Well, to quote our favourite Friday night entertainment, have I got news for you. It's even better now. I've been a couple of times, once with KL, and most recently with Scotland's Finest Former Journalist (West). Now that's unusual in itself. I seldom return to places I've reviewed. But to have food of this complexity and subtlety for 25 pounds at lunchtime is the Sale of the Century. There is, however, a problem with this quality of cooking, but only for the reviewer. Trying to analyse what you're putting in your gob, even at the time, is tricky.

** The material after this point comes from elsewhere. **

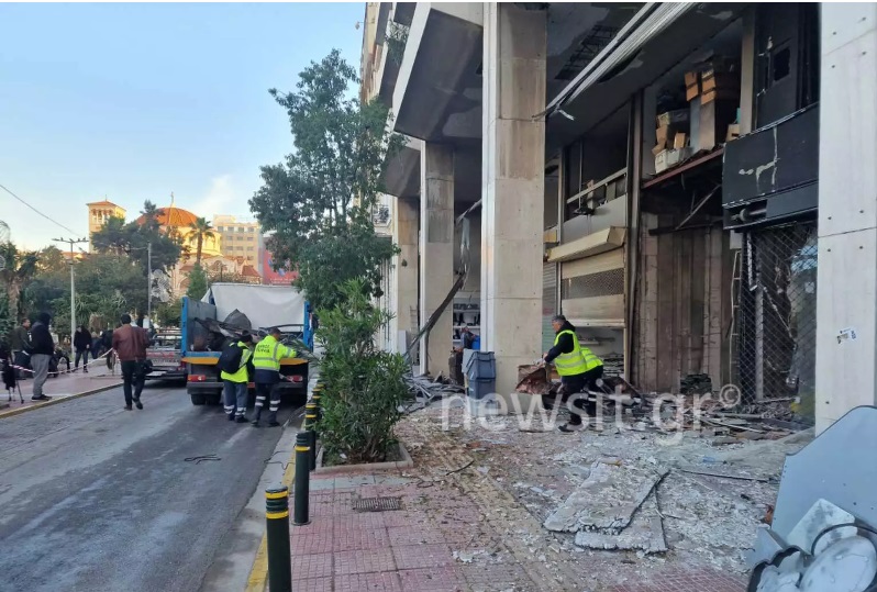 Οι τζαμαρίες πολλών καταστημάτων είναι κατεστραμμένες και από τύχη δεν τραυματίστηκε ένας άστεγος που είχε βρει καταφύγιο σε ένα κοντινό κτίριο.

Weeks later, it's nigh on impossible, especially when you can't find your notes from first time round.

So from there I remember a remarkable leek broth enriched with egg. And who wouldn't fall for a dish with beetroot, smoked pigeon, crowdie and walnut? Not this reviewer, that's for sure. Sea trout for the non meat eater, and a pie with celeriac, thyme, mushroom, pork, onion and mustard as the components was even lovelier than it sounded.

There is always one cheese on offer, with a £10 supplement. The choices are eclectic. On one visit it was Baron Bigod, a Brie style cheese from Norfolk. Next time, Wee Comrie, a cows milk cheese with a washed rind, developed just a few years ago by the Strathearn Cheese Company - in Comrie, funnily enough.

I have better notes from the more recent visit with the SFFJ(W). In the interim, I had read a review in The Times. It mentioned a couple of snacks which hadn't been available the first time. (As an aside, astonishingly, they don't charge for the excellent bread, with sunflower seed butter. Made on the premises, I think.)

Cumbrae oysters and lamb croquettes? Yes, please. The former were served with beetroot and harissa mignonette. Mignonette is the poncy French name, (literal meaning, cute little one) for the absurd concotion typically served with oysters. Vinegar and chopped shallots? What's wrong with a squeeze of lemon? So I was suspicious. Tasted on its own Darren's condiment was lovely: with the oyster it was inspired. Trumped, however, by the croquette. A good sized specimen, bearing a worrying resemblance to a fish finger and looking as though it had icing on the top. I couldn't place the precise flavours on either, but if Borough did takeaways, I'd have a large boxful.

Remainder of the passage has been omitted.